Enclosure, Nevitt, Co. Dublin
Co. Dublin |
Enclosures
A circular enclosure sitting on the northern slope of a ridge in County Dublin very nearly vanished beneath a landfill without anyone noticing it at all.
That it was found is almost incidental; the discovery came not through any planned archaeological programme but through a geophysical survey commissioned ahead of the proposed waste development. The survey, carried out under Licence no. 05R062, picked up the circular anomaly in the ground, and only then did archaeologists get the chance to investigate properly.
Test excavation under Licence no. 05E1063 confirmed what the geophysics had suggested. The site is a sub-circular enclosure roughly 33 metres in diameter, a size broadly consistent with a ringfort, the type of enclosed farmstead that was the dominant settlement form in early medieval Ireland. The enclosing ditch reaches a depth of 1.1 metres, and within the interior there are features that appear to indicate the former presence of dwellings. Animal bone and burnt material were recovered from the ditch, the kind of domestic refuse that builds up over years of occupation, but nothing recovered could be precisely dated. As Lohan noted in 2006, the site produced no datable material, which means that while the form strongly implies early medieval origins, that connection cannot be confirmed from the excavation alone. The enclosure sits on the northern slope of an east-west ridge, a position that would have offered reasonable drainage and some shelter, practical considerations that tend to recur at Irish settlement sites regardless of period.
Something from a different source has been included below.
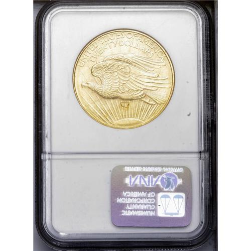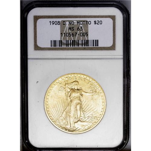 <B>1908-D<$20> No Motto MS63 NGC.</B></I> Lustrous apricot-gold surfaces display sharply struck design elements, including excellent definition on Liberty's face, fingers, and toes, and on the Capitol building. A few minute marks are noted on Liberty's portrait and in the right obverse field. <BR><BR><B>Important notice:</B> Heritage usually auctions material at the rate of 200-250 lots per hour. On some occasions eBay Live bid software or the Internet may not be able to keep up with the pace of the auction. We recommend placing a realistic absentee bid now as insurance to avoid disappointment. Occasionally the auctioneer may eliminate or reject an eBay Live bid, and the auctioneer may also reopen a lot after the close of the eBay live bidding (usually because we missed an audience bid), and may reject your bid even if it shows you as the winning bidder. By bidding via eBay Live, you agree that Heritage may award the lot to another bidder at its sole discretion under the circumstances described above or any other reasonable circumstances. Since eBay bids are not shown to us until we open the lot on the floor, we treat those bids just like floor bids. In most cases the floor responds before the eBay bid is presented to us, due to Internet lag time, so for consistency we have made it a policy that floor bids are always considered first over tie eBay live bids. Also please note that all Heritage lots purchased through eBay Live carry a 20% Buyer's Premium. Please make sure you read the Terms and Conditions before you bid. This lot is being auctioned in conjunction with a live floor auction by Heritage Galleries & Auctioneers. All final auction and invoice information will be supplied by Heritage Galleries & Auctioneers, and all other information should be considered preliminary. Lot:4555 <BR><BR><B>Winning Notification and Billing:</B> After the FINAL session in this auction is complete, Heritage will send e-mail and snail mail invoices. This process normally takes several days. All final auction and invoice information will be supplied by Heritage Galleries & Auctioneers, and all other information should be considered preliminary. <BR><BR>This auction will be conducted on a live auction floor and over the Internet through eBay Live. If you choose to place an absentee bid, please take a moment to <font color='#0000ff'><u><a href='http://pages.ebay.com/liveauctions/help/before/laabsentee.html'>learn how eBay Live absentee bidding works</a></u></font><font color='#000000'>

The site at Nevitt is not marked or interpreted for visitors, and the circumstances of its discovery mean it sits in the archaeological record rather than in any public landscape. The evidence for it exists primarily in the excavation report and the licence files rather than in anything visible at ground level. For anyone interested in how much of Ireland's early settlement archaeology has survived only by accident, or only just survived at all, it is a useful reminder that the record is shaped as much by where development happens to be proposed as by where archaeology actually exists.